Reprint the lines below as they are, minus the pictures.

• _Records from a data collection_:
+---+
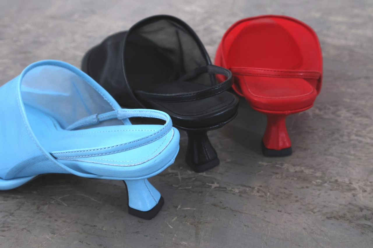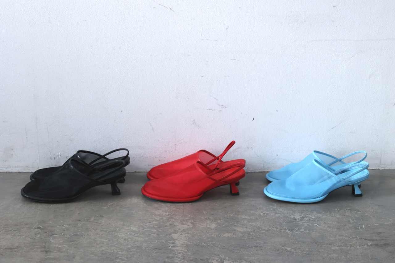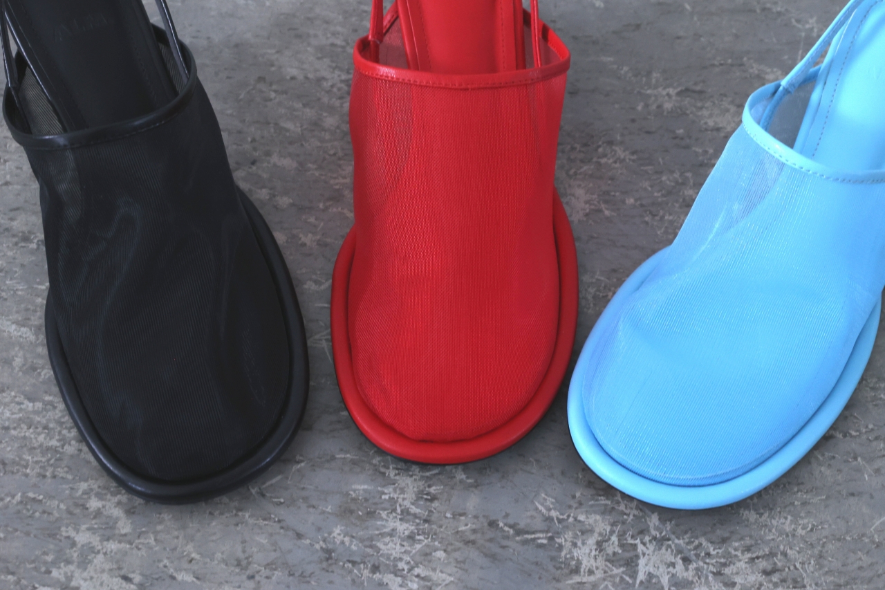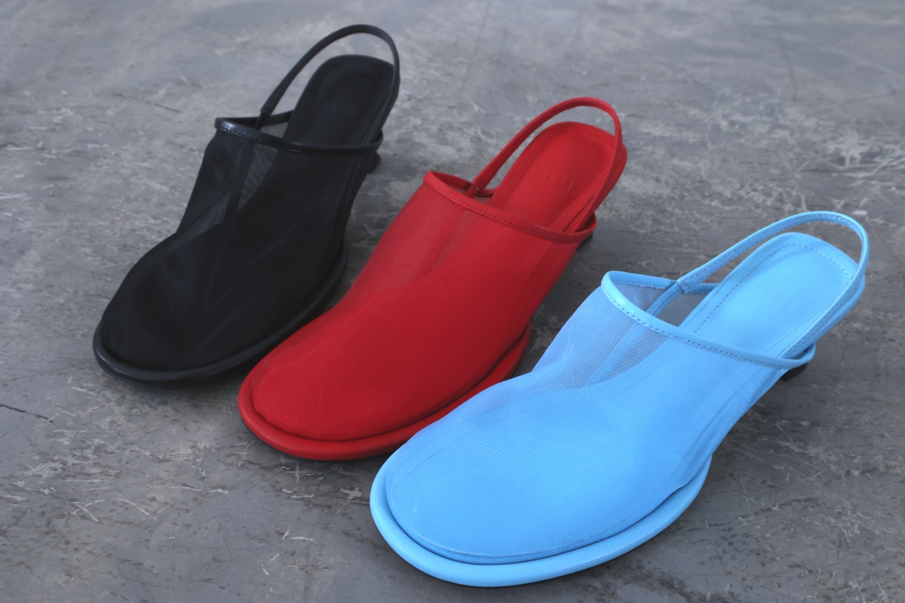 シアーメッシュ×スリングバックのデザイン性あふれるミュールパンプス。
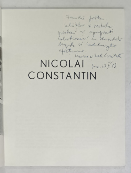 NICOLAI CONSTANTIN , CATALOG DE EXPOZITIE , 1982 , DEDICATIE *
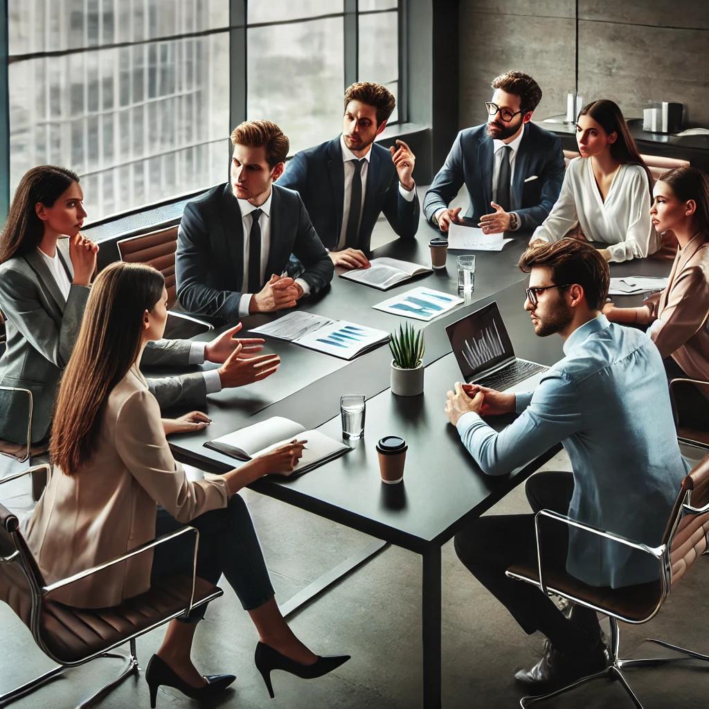 Here is the generated image of a group of people engaged in negotiation by DALL·E
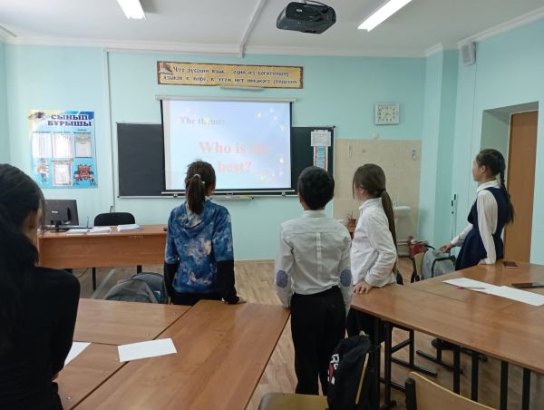 Ағылшын тілі апталығы аясында 6 сынып оқушылар арасында 'Who is the best" атты интелектуалдық ойын өтті. Пән мұғалімі Макишева Г.К
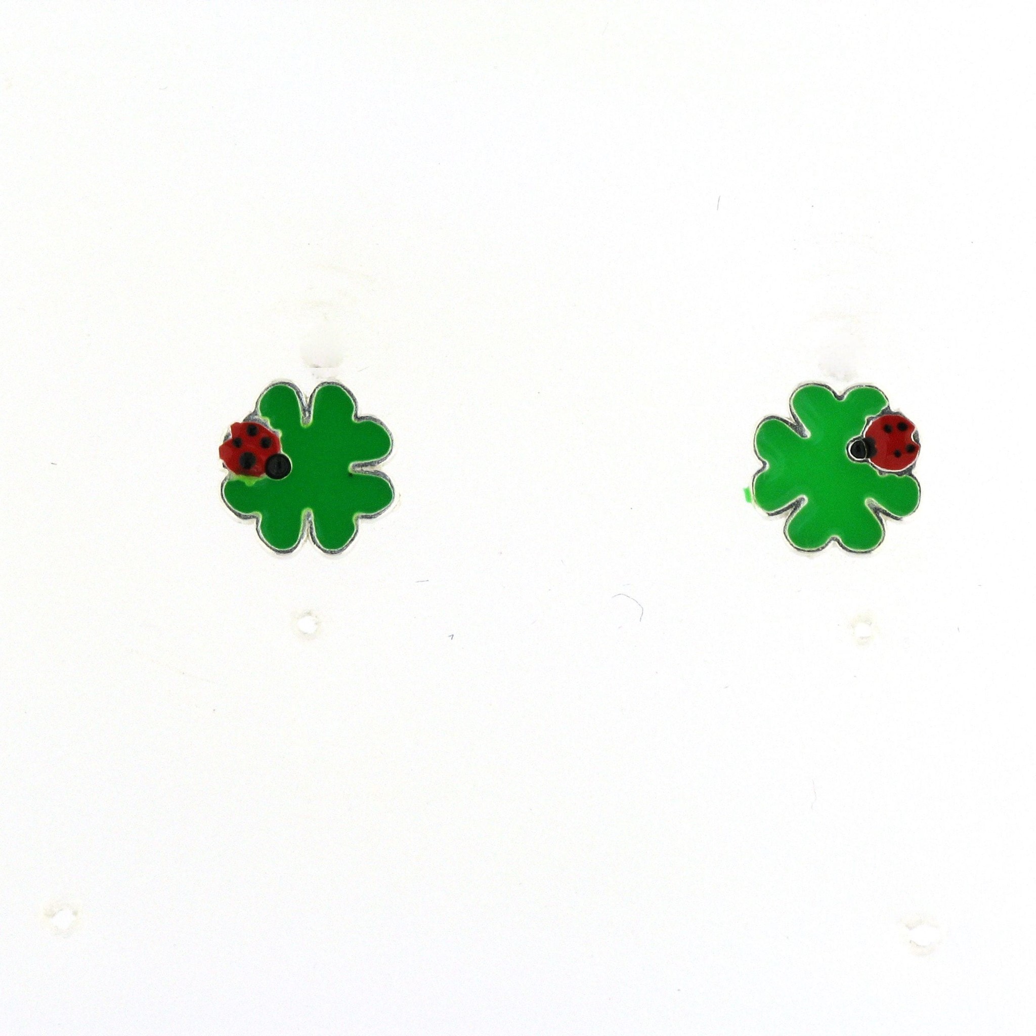 Brincos Criança. Folha Trevo Joaninha Esmalte Rosa e Vermelho A047012
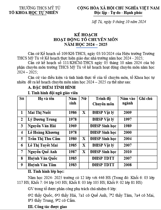 KẾ HOẠCH NĂM 2024-2025 TỔ TỰ NHIÊN
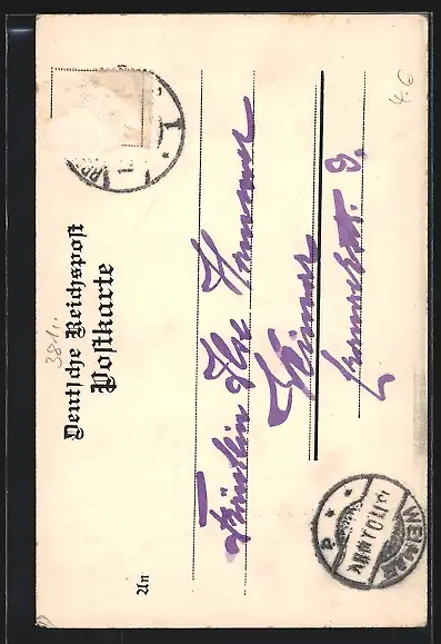 alte Ansichtskarte, gelaufen, Briefmarke entfernt, rückseitig Oberflächenschaden, guter Zustand
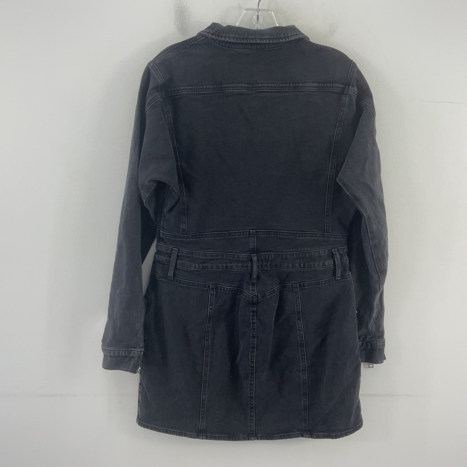 Guess Y2K Black Denim Button-Up Shirt Dress Womens Size L Cotton Blend Preowned
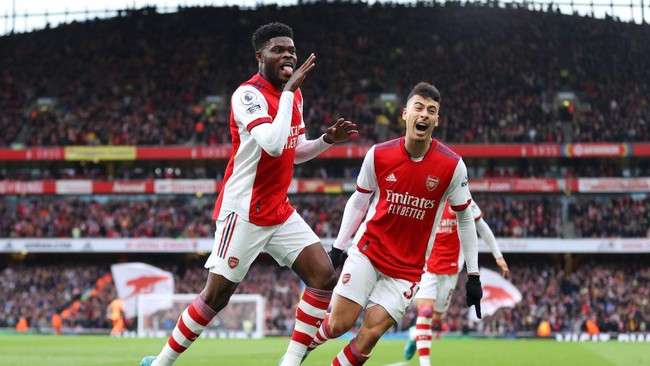 Arsenal menumbangkan Leicester City 2-0 di Emirates Stadium pada laga lanjutan Liga Inggris, Senin (14/2/2022) dini hari WIB. Dua gol kemenangan The Gunners dibuat oleh Thomas Partey dan penalti Alexandre Lacazette.
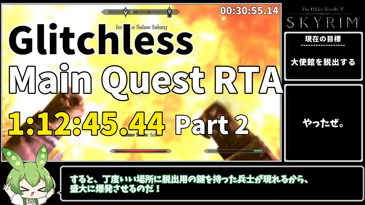 <span style="color: #ff9900; font-size: 24px;"><strong>再走してWRを出しました</strong></span><br><span style="font-size: 18px;"><strong><a href="https://www.nicovideo.jp/watch/sm41382851" class="watch">sm41382851</a> (RTA1:11:15.164 / IGT1:08:25.813)</strong></span><br><br><br><span style="color: #ff0000; font-size: 18px;"><strong><s>正式な記録ではないことがわかった為、再走&再投稿します。</s></strong></span><br><s>Speedrun comに記載されているガイドを再確認したところ、Text Glitchというグリッチに該当するものが本RTAに発生していました。<br>ゲーム起動後、約3時間が経過すると発生してしまうグリッチのようです。<br>また、Part4で二刀流時に2連続でパワーアタックを出せるということ説明したのですが、コミュニティ内で今一度この現象について確認していただきまして、Infinite Power Attackというグリッチに当たるとのことです。動画内では無限にパワーアタックを行っていませんが、仕組みは同様なのだと思われます。<br>この不手際は、私がルールの確認を怠ったことが招いたことです。動画を楽しみにしていただいた方々には大変申し訳ございません。<br>また、Speedrun comに申請した自己ベストは自主的に取り下げ、この動画も一時非公開としましたが、お詫びの動画に"解説動画は残しておいてもよい"という温かいコメントをいただいたので、この動画は「参考記録」として残させていただいております。<br>お詫びとText Glitchについての詳細は<a href="https://www.nicovideo.jp/watch/sm41246845" class="watch">sm41246845</a>をご覧ください。</s><br><br>最初から(Part 1): <a href="https://www.nicovideo.jp/watch/sm41170581" class="watch">sm41170581</a><br><br>次回(Part 3): <a href="https://www.nicovideo.jp/watch/sm41218332" class="watch">sm41218332</a><br><br>沢山の兄貴たちの動画を参考にして動画を作成させていただいております。<br>特にこのカテゴリーの日本人先駆者である、シャキタ&S.O.ドドド兄貴を参考にしています。<br>この場を借りてお礼申し上げます。ありがとうございます。<br>【ずんだもんの立ち絵】のんたお(<a href="https://www.nicovideo.jp/user/121937664" target="_blank" rel="noopener">user/121937664</a>)様よりお借りしました。<br>【音声ソフトウェア】VOICEVOX:ずんだもん
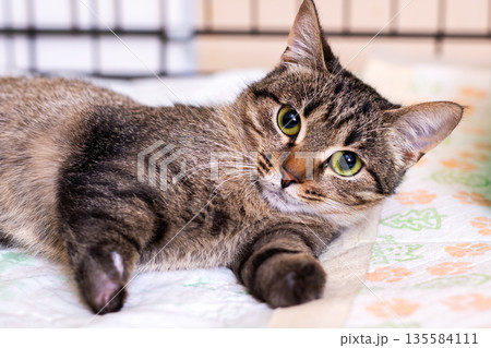 Calm tabby with soft paws, Serene striped cat enjoying restful time on cuddly surface
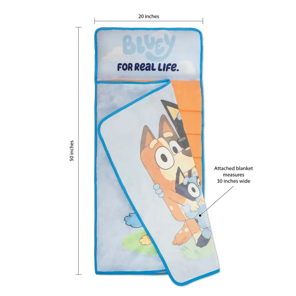 Nojo Bluey For Real Life Toddler Nap Mat - Includes Attached Pillow And Fleece Blanket
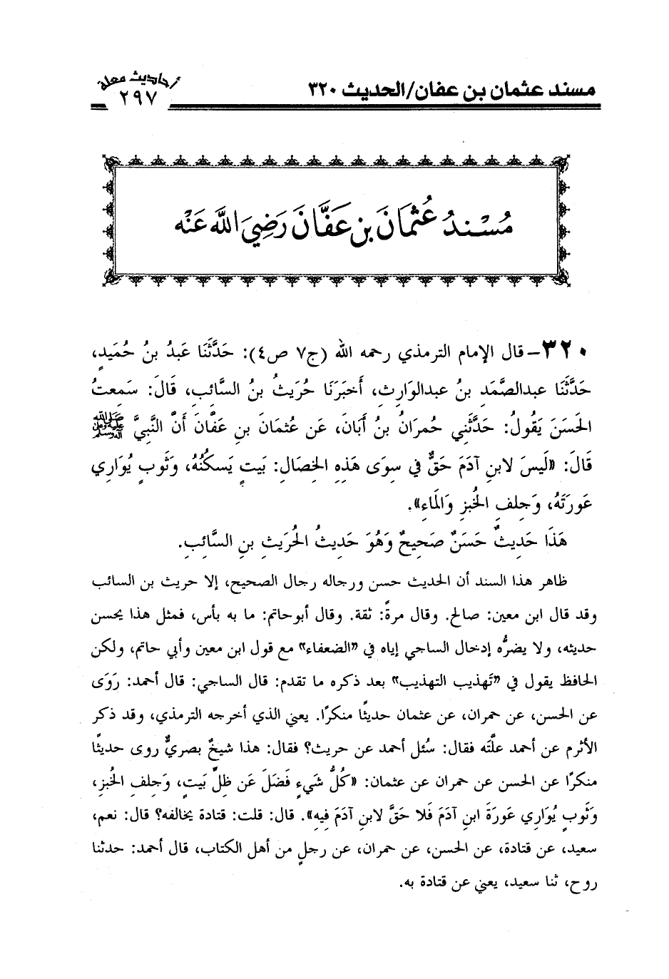 320- قال الإمام الترمذي رحمه الله (ج7ص4) : حَدَّثنا عَبْدُ بنُ حُمَيدٍ، أَخْبَرَنَا عَبْدُ الصَّمَدِ بنُ عَبْدِ الوَارِثِ، أخبرنا حُرَيثُ بنُ السَّائِبِ، قَالَ سَمِعْتُ الْحَسَنَ يَقُولُ حدثني حُمْرَانُ بنُ أَبَانَ، عَنْ عُثْمَانَ بنِ عَفَّانَ
+---+
• _RESULT_:
 シアーメッシュ×スリングバックのデザイン性あふれるミュールパンプス。
 NICOLAI CONSTANTIN , CATALOG DE EXPOZITIE , 1982 , DEDICATIE *
 Here is the generated image of a group of people engaged in negotiation by DALL·E
 Ағылшын тілі апталығы аясында 6 сынып оқушылар арасында 'Who is the best" атты интелектуалдық ойын өтті. Пән мұғалімі Макишева Г.К
 Brincos Criança. Folha Trevo Joaninha Esmalte Rosa e Vermelho A047012
 KẾ HOẠCH NĂM 2024-2025 TỔ TỰ NHIÊN
 alte Ansichtskarte, gelaufen, Briefmarke entfernt, rückseitig Oberflächenschaden, guter Zustand
 Guess Y2K Black Denim Button-Up Shirt Dress Womens Size L Cotton Blend Preowned
 Arsenal menumbangkan Leicester City 2-0 di Emirates Stadium pada laga lanjutan Liga Inggris, Senin (14/2/2022) dini hari WIB. Dua gol kemenangan The Gunners dibuat oleh Thomas Partey dan penalti Alexandre Lacazette.
 <span style="color: #ff9900; font-size: 24px;"><strong>再走してWRを出しました</strong></span><br><span style="font-size: 18px;"><strong><a href="https://www.nicovideo.jp/watch/sm41382851" class="watch">sm41382851</a> (RTA1:11:15.164 / IGT1:08:25.813)</strong></span><br><br><br><span style="color: #ff0000; font-size: 18px;"><strong><s>正式な記録ではないことがわかった為、再走&再投稿します。</s></strong></span><br><s>Speedrun comに記載されているガイドを再確認したところ、Text Glitchというグリッチに該当するものが本RTAに発生していました。<br>ゲーム起動後、約3時間が経過すると発生してしまうグリッチのようです。<br>また、Part4で二刀流時に2連続でパワーアタックを出せるということ説明したのですが、コミュニティ内で今一度この現象について確認していただきまして、Infinite Power Attackというグリッチに当たるとのことです。動画内では無限にパワーアタックを行っていませんが、仕組みは同様なのだと思われます。<br>この不手際は、私がルールの確認を怠ったことが招いたことです。動画を楽しみにしていただいた方々には大変申し訳ございません。<br>また、Speedrun comに申請した自己ベストは自主的に取り下げ、この動画も一時非公開としましたが、お詫びの動画に"解説動画は残しておいてもよい"という温かいコメントをいただいたので、この動画は「参考記録」として残させていただいております。<br>お詫びとText Glitchについての詳細は<a href="https://www.nicovideo.jp/watch/sm41246845" class="watch">sm41246845</a>をご覧ください。</s><br><br>最初から(Part 1): <a href="https://www.nicovideo.jp/watch/sm41170581" class="watch">sm41170581</a><br><br>次回(Part 3): <a href="https://www.nicovideo.jp/watch/sm41218332" class="watch">sm41218332</a><br><br>沢山の兄貴たちの動画を参考にして動画を作成させていただいております。<br>特にこのカテゴリーの日本人先駆者である、シャキタ&S.O.ドドド兄貴を参考にしています。<br>この場を借りてお礼申し上げます。ありがとうございます。<br>【ずんだもんの立ち絵】のんたお(<a href="https://www.nicovideo.jp/user/121937664" target="_blank" rel="noopener">user/121937664</a>)様よりお借りしました。<br>【音声ソフトウェア】VOICEVOX:ずんだもん
 Calm tabby with soft paws, Serene striped cat enjoying restful time on cuddly surface
 Nojo Bluey For Real Life Toddler Nap Mat - Includes Attached Pillow And Fleece Blanket
 320- قال الإمام الترمذي رحمه الله (ج7ص4) : حَدَّثنا عَبْدُ بنُ حُمَيدٍ، أَخْبَرَنَا عَبْدُ الصَّمَدِ بنُ عَبْدِ الوَارِثِ، أخبرنا حُرَيثُ بنُ السَّائِبِ، قَالَ سَمِعْتُ الْحَسَنَ يَقُولُ حدثني حُمْرَانُ بنُ أَبَانَ، عَنْ عُثْمَانَ بنِ عَفَّانَ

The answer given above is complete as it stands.